Deux cent deux patients ont été inclus. Seize patients ont été perdus de vue avant la fin du suivi. Au prélèvement, l’âge moyen des patients était de 35,9 ans (+/-13,4 ans) et 84,2% d’entre eux étaient traités par anti-TNFalpha (n=170). La médiane d’ancienneté de la maladie était de 11 ans (IQR : 12 ans). sTREM-1 était significativement augmenté chez les patients en poussée (n=67, médiane : 330,7 pg/mL ; IQR : 197,1 pg/mL ) comparés à ceux en rémission (n= 135; médiane= 230pg/mL ; IQR : 176,1 pg/mL; p<0,0001, test de Mann Whitney). Les patients en rémission avec une maladie de phénotype perforant présentaient une augmentation significative de sTREM-1 (n=36 ; médiane=270 pg/mL ; IQR : 196pg/mL) en comparaison aux autres phénotypes (n=99 ; médiane=221 pg/mL , IQR : 142 pg/mL p=0,02 ; Mann Whitney). Il n’y avait pas de différence en fonction de la localisation de la maladie. Les patients en rémission avec une valeur de sTREM-1 supérieure à 230 pg/mL (médiane) avaient une probabilité de faire une poussée dans les 4 ans plus importante que ceux avec une valeur de sTREM-1 inférieure (Figure 1 ; HR= 4,73 ; IC95% [1,77 -12,61]).

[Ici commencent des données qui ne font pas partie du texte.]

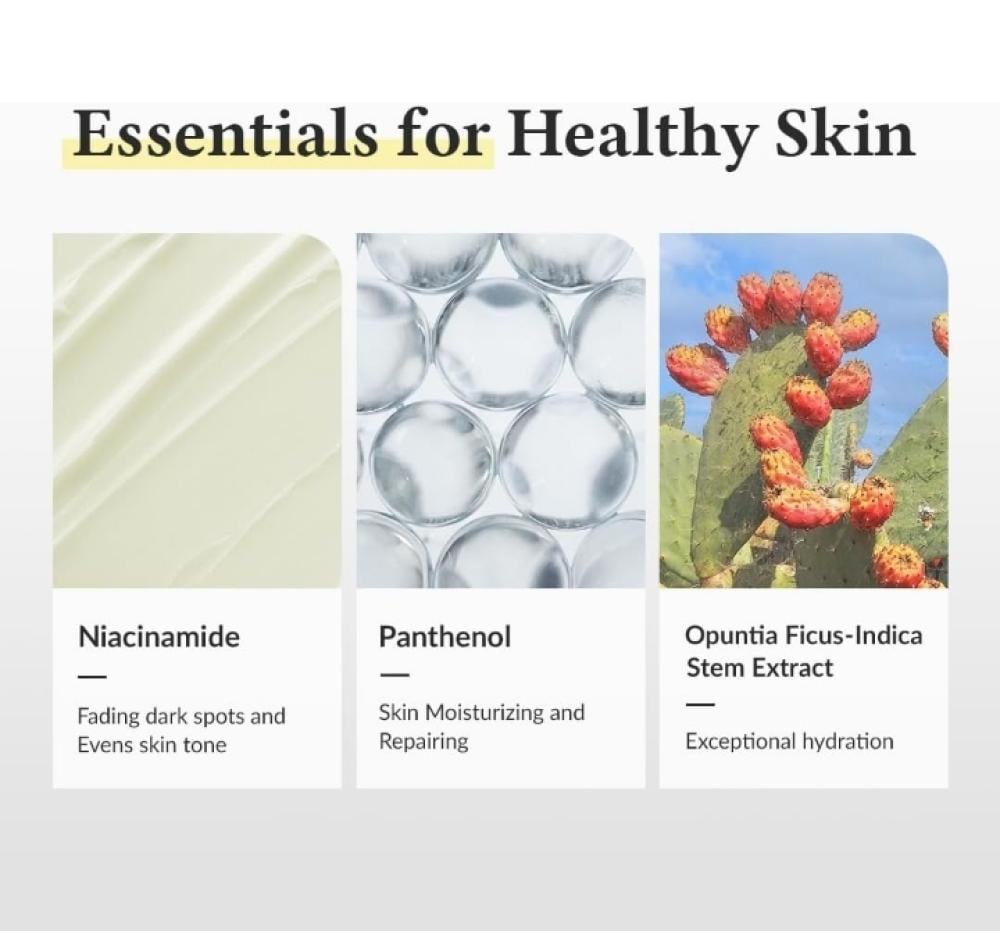 - يخفف من حب الشباب والالتهابات: يحتوي على مستخلص سنتيلا اياتيكا، وهو مكون شائع الاستخدام في علاج الأمراض الجلدية، ويحمي الخلية من التحفيز الالتهابي ويساعد في تصبغ البشرة وتحسين مخاوف حب الشباب.
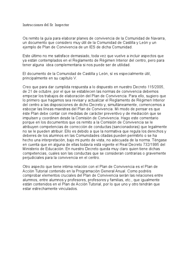 empezar los trabajos de elaboración del Plan de Convivencia. Para ello, sugiero que
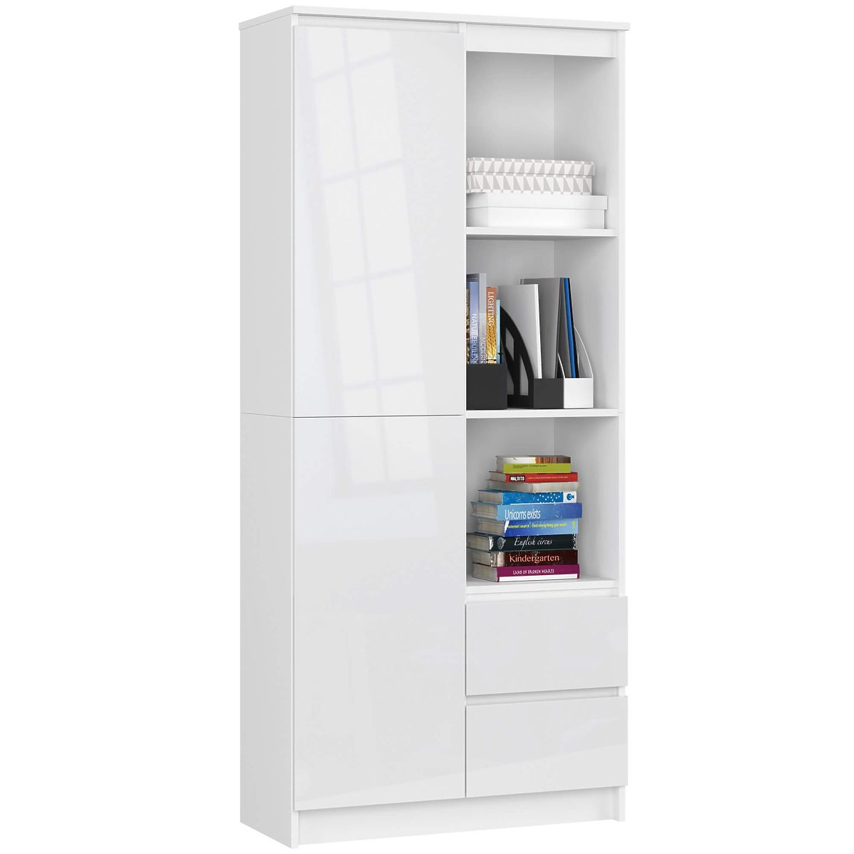 Fehér színű irodai polc ajtókkal és fiókokkal, elülső felületei fényes fehér.
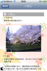 ピンをタップすると、桜開花時期や見所などを読む事が出来るようになっています。

L’AUROC de sTREM-1 pour prédire une poussée dans les 48 mois était de 0,75 (IC95% [0,67 ; 0,84]). Au seuil de 230pg/mL, la sensibilité du dosage de sTREM-1 pour prédire une poussée dans les 48 mois était de 82,6% (IC95% [62,9 ; 93,0]) pour une spécificité de 57,1% (IC95%[47,9 : 65,9]).

Discussion

Conclusion

Une augmentation de sTREM-1 était associée à un sur-risque de poussée, et pourrait être un biomarqueur prédictif de l’activité de la maladie. La confirmation de ces résultats au sein d’une cohorte de validation est en cours. Les mécanismes sous-tendant une telle association restent à explorer.